THE DATA -
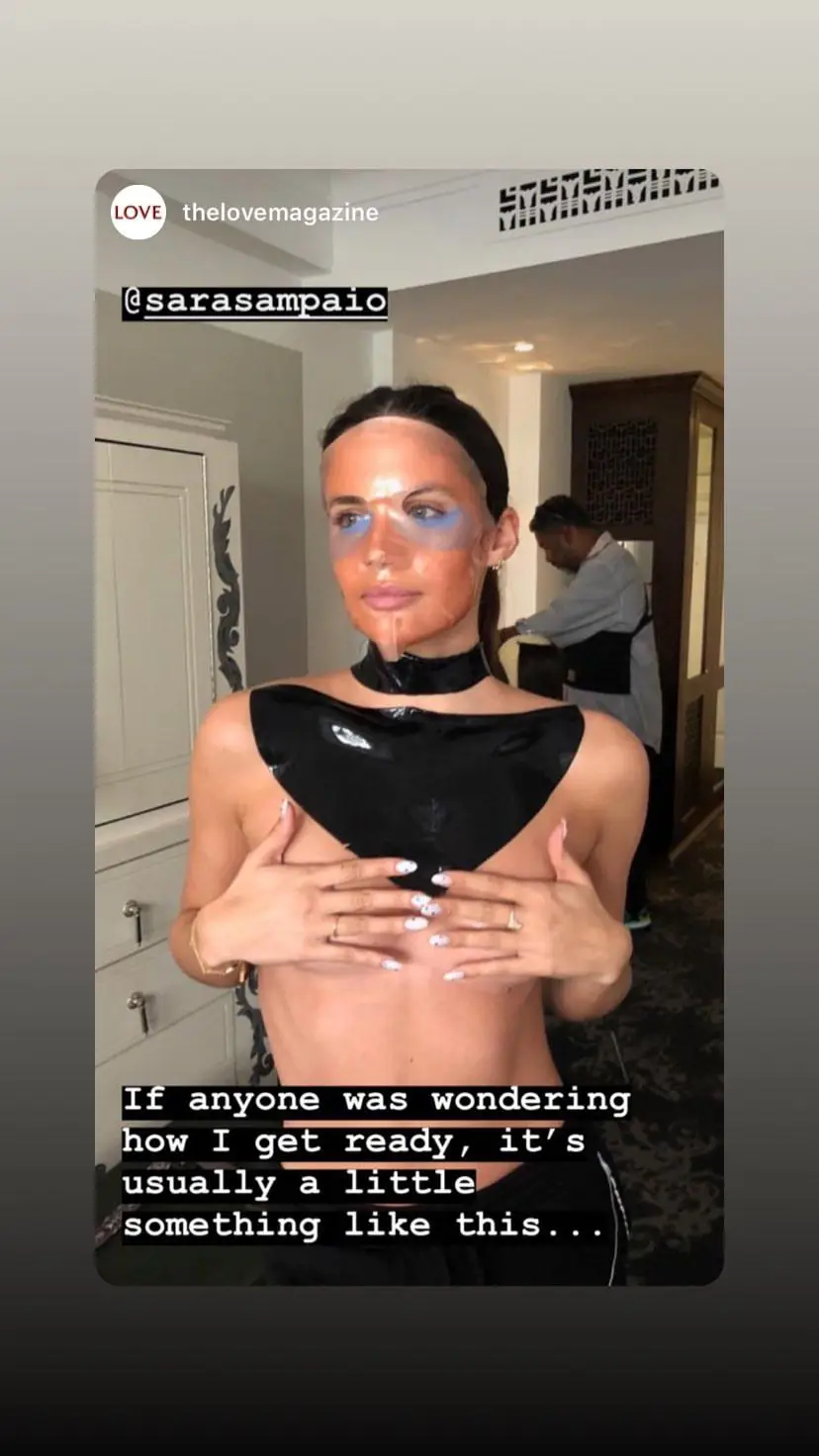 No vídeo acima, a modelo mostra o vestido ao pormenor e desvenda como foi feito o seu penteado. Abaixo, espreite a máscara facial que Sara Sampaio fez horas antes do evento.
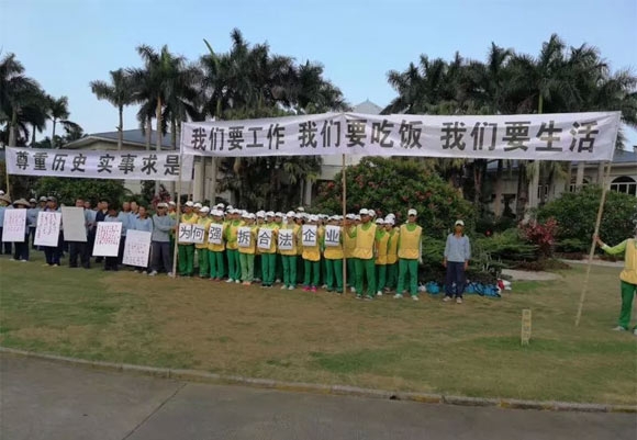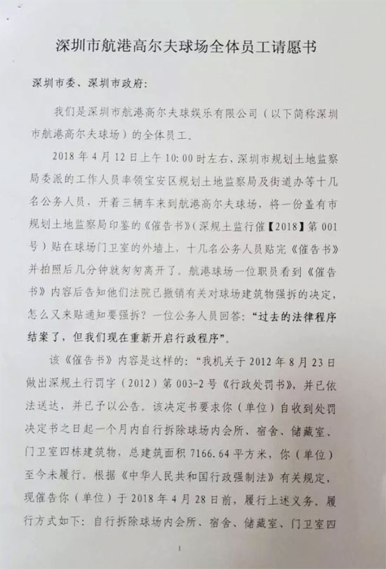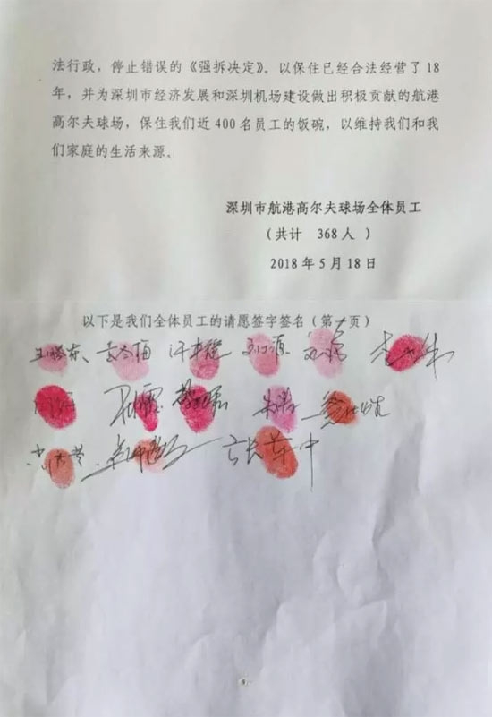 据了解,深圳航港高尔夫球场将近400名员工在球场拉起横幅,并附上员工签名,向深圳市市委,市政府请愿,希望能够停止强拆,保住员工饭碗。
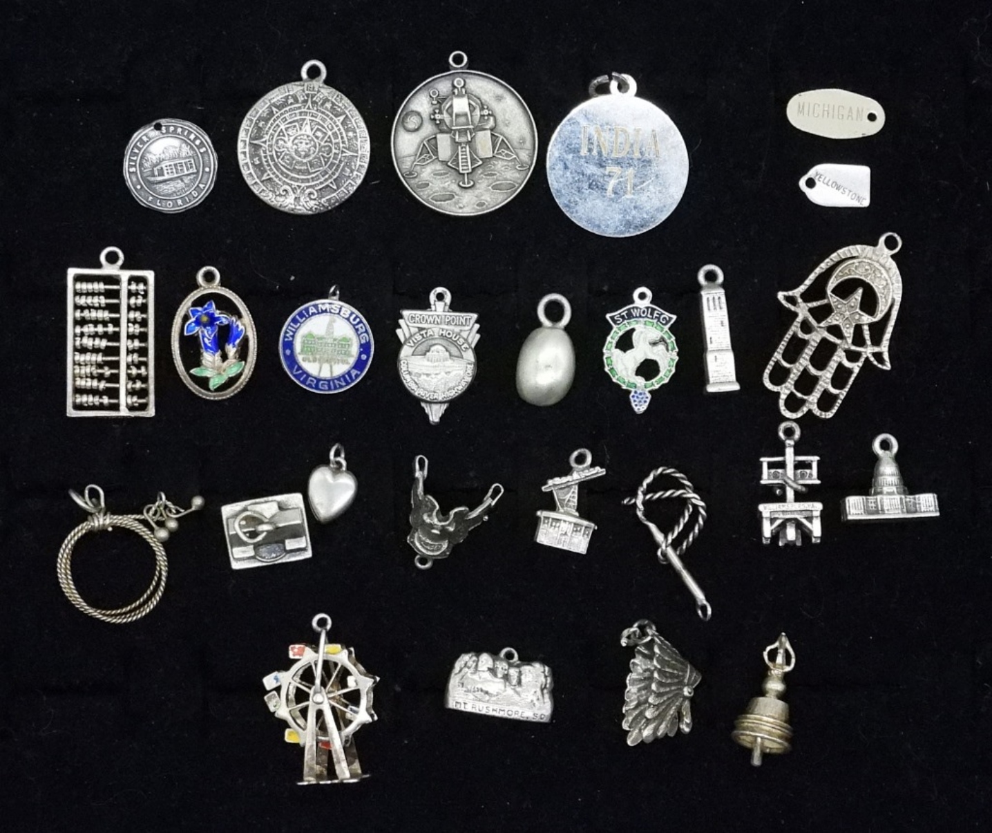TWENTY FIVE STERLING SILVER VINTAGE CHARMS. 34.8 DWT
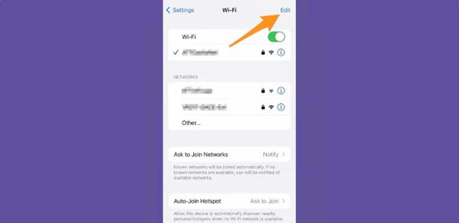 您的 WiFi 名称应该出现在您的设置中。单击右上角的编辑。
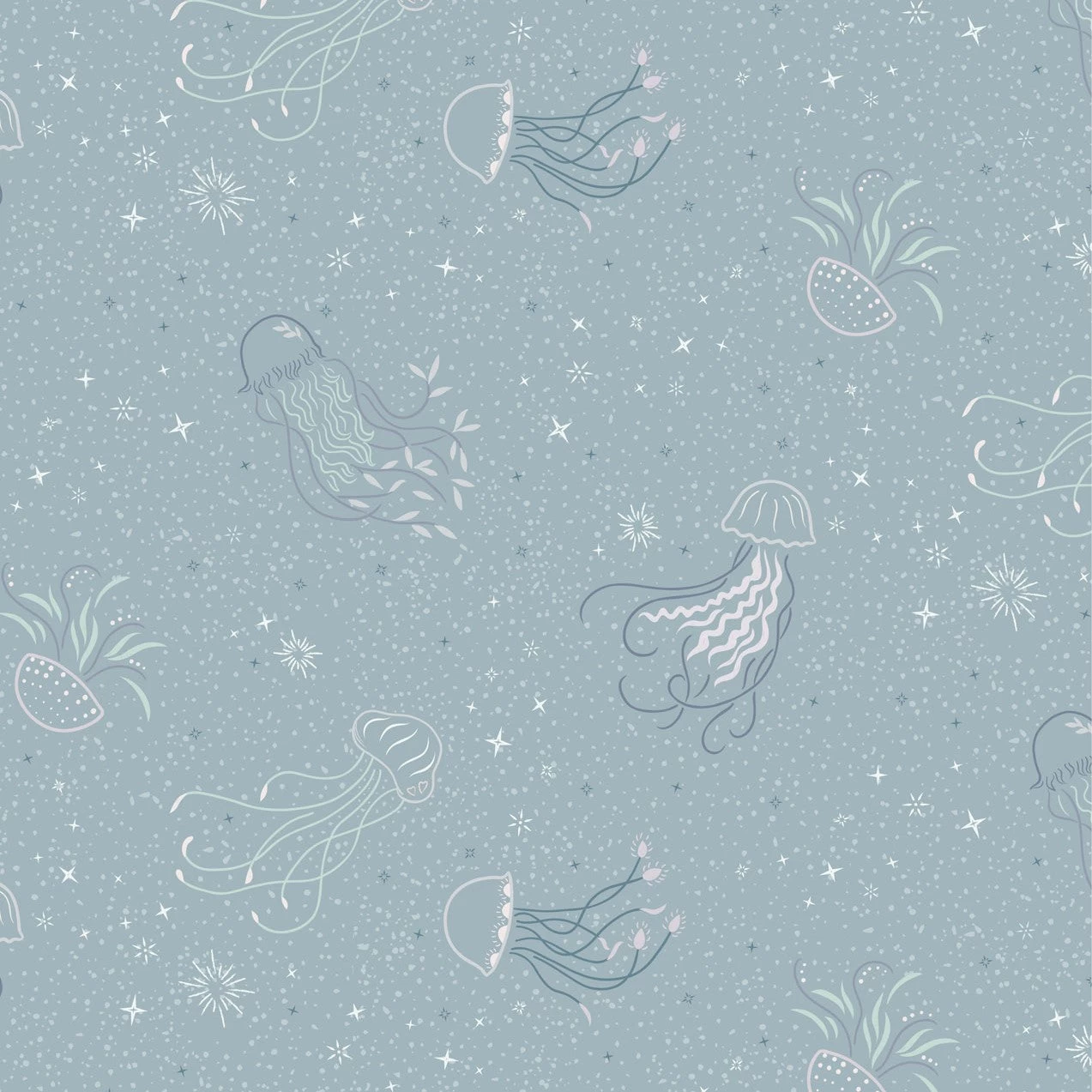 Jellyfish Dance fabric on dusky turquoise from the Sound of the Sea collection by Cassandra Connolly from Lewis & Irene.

YOUR INSTRUCTIONS - Once the line containing "TWENTY FIVE STERLING" is found in the records above, it and every line after it up to the last must be repeated exactly, without pictures.

ANSWER BELOW -
TWENTY FIVE STERLING SILVER VINTAGE CHARMS. 34.8 DWT
 您的 WiFi 名称应该出现在您的设置中。单击右上角的编辑。
 Jellyfish Dance fabric on dusky turquoise from the Sound of the Sea collection by Cassandra Connolly from Lewis & Irene.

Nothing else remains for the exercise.